-- Your objective --
What is needed is a verbatim copy of every record below, with the pictures left out.

-- Data under study --

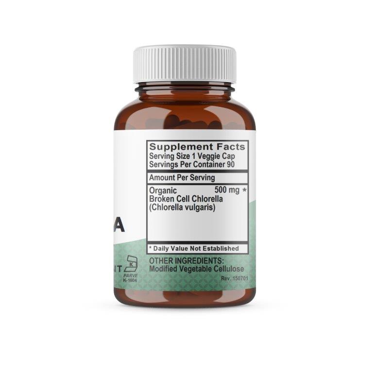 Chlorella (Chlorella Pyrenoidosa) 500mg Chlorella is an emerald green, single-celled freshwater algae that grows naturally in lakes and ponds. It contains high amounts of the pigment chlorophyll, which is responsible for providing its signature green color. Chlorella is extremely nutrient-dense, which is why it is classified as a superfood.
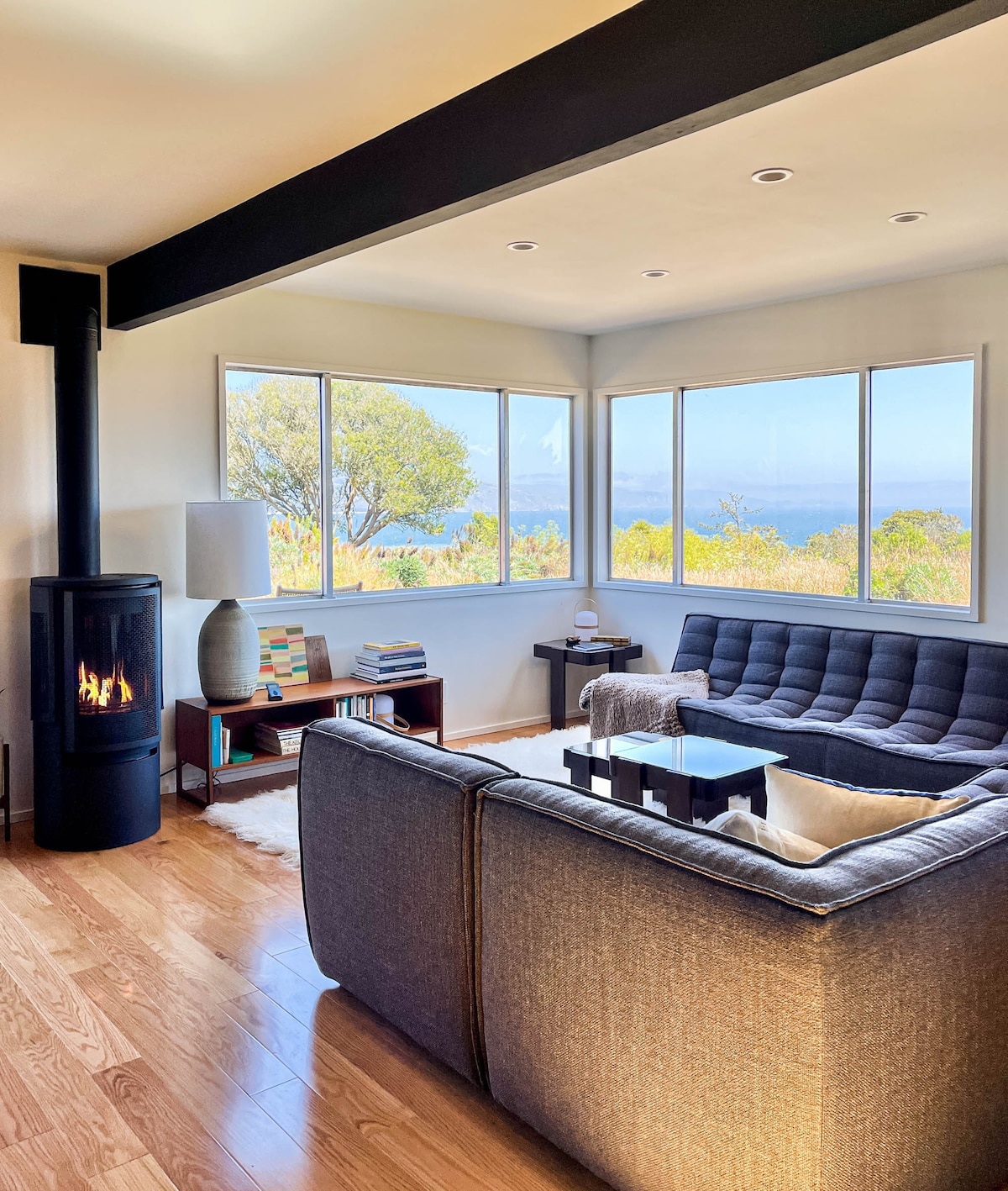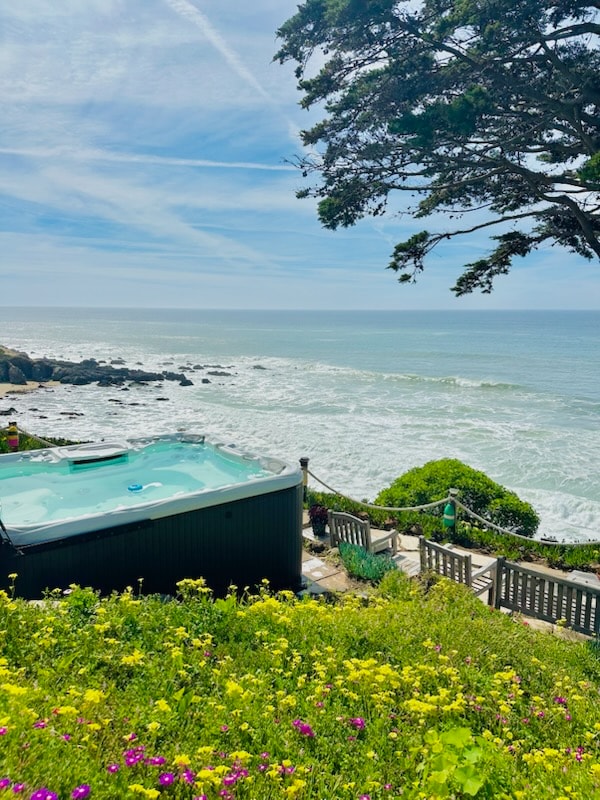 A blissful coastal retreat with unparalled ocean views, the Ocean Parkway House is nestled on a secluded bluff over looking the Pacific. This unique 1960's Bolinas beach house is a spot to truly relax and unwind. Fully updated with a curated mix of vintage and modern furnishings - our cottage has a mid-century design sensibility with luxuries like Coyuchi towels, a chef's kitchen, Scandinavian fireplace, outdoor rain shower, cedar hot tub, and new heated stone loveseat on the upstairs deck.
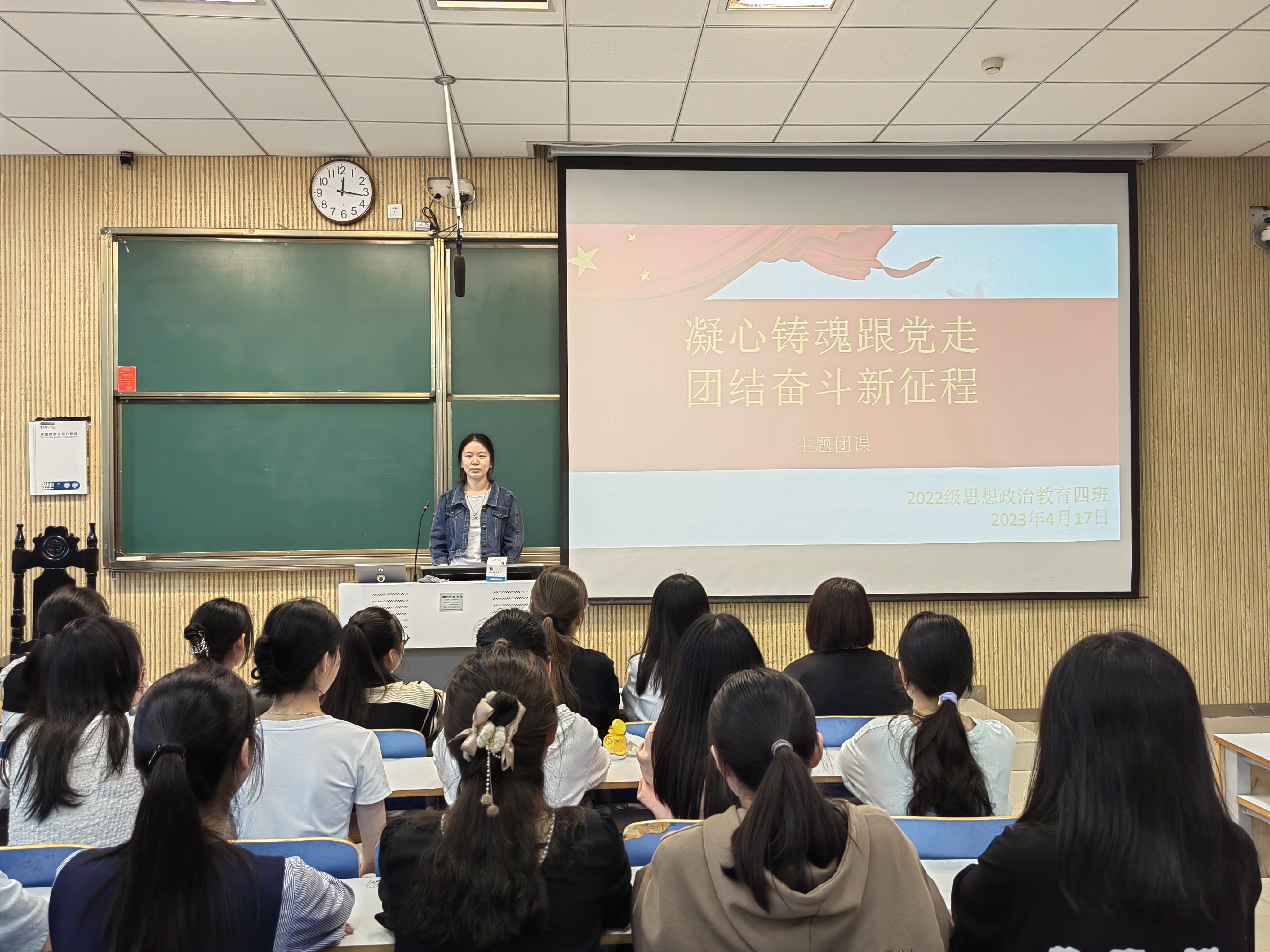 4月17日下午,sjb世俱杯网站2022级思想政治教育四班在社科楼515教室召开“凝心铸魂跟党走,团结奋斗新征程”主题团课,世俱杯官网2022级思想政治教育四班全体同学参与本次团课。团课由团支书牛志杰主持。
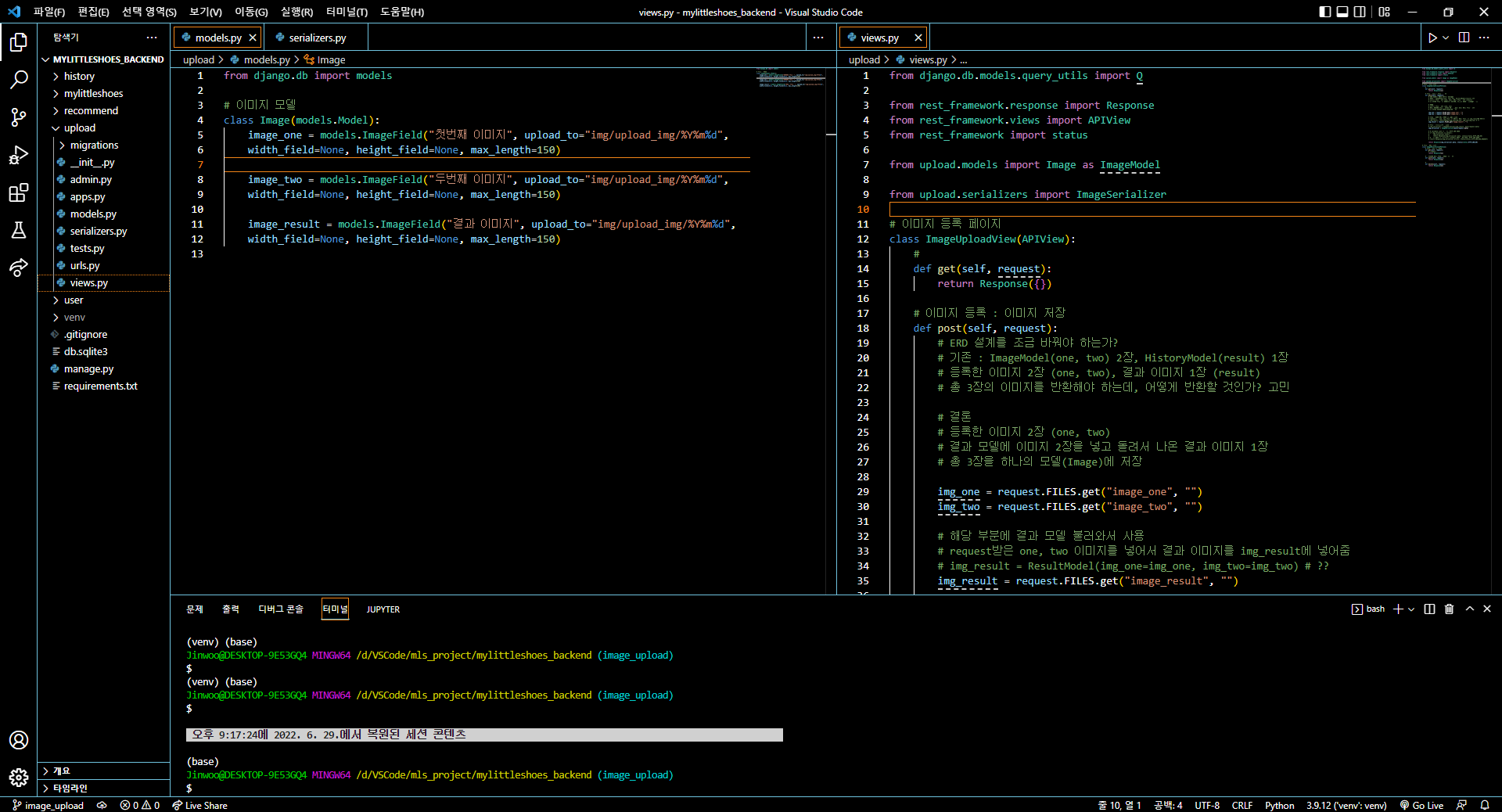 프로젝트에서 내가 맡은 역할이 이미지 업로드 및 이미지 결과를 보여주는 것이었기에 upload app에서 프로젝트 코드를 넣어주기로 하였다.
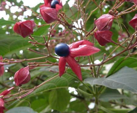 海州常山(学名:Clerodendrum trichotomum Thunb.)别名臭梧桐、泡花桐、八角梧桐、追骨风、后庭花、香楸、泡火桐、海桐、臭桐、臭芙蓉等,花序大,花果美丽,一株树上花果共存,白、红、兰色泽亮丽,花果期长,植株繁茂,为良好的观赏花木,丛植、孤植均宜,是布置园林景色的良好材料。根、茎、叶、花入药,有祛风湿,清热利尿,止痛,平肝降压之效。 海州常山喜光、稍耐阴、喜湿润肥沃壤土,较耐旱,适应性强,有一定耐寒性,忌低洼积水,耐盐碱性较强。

-- Written response --
 Chlorella (Chlorella Pyrenoidosa) 500mg Chlorella is an emerald green, single-celled freshwater algae that grows naturally in lakes and ponds. It contains high amounts of the pigment chlorophyll, which is responsible for providing its signature green color. Chlorella is extremely nutrient-dense, which is why it is classified as a superfood.
 A blissful coastal retreat with unparalled ocean views, the Ocean Parkway House is nestled on a secluded bluff over looking the Pacific. This unique 1960's Bolinas beach house is a spot to truly relax and unwind. Fully updated with a curated mix of vintage and modern furnishings - our cottage has a mid-century design sensibility with luxuries like Coyuchi towels, a chef's kitchen, Scandinavian fireplace, outdoor rain shower, cedar hot tub, and new heated stone loveseat on the upstairs deck.
 4月17日下午,sjb世俱杯网站2022级思想政治教育四班在社科楼515教室召开“凝心铸魂跟党走,团结奋斗新征程”主题团课,世俱杯官网2022级思想政治教育四班全体同学参与本次团课。团课由团支书牛志杰主持。
 프로젝트에서 내가 맡은 역할이 이미지 업로드 및 이미지 결과를 보여주는 것이었기에 upload app에서 프로젝트 코드를 넣어주기로 하였다.
 海州常山(学名:Clerodendrum trichotomum Thunb.)别名臭梧桐、泡花桐、八角梧桐、追骨风、后庭花、香楸、泡火桐、海桐、臭桐、臭芙蓉等,花序大,花果美丽,一株树上花果共存,白、红、兰色泽亮丽,花果期长,植株繁茂,为良好的观赏花木,丛植、孤植均宜,是布置园林景色的良好材料。根、茎、叶、花入药,有祛风湿,清热利尿,止痛,平肝降压之效。 海州常山喜光、稍耐阴、喜湿润肥沃壤土,较耐旱,适应性强,有一定耐寒性,忌低洼积水,耐盐碱性较强。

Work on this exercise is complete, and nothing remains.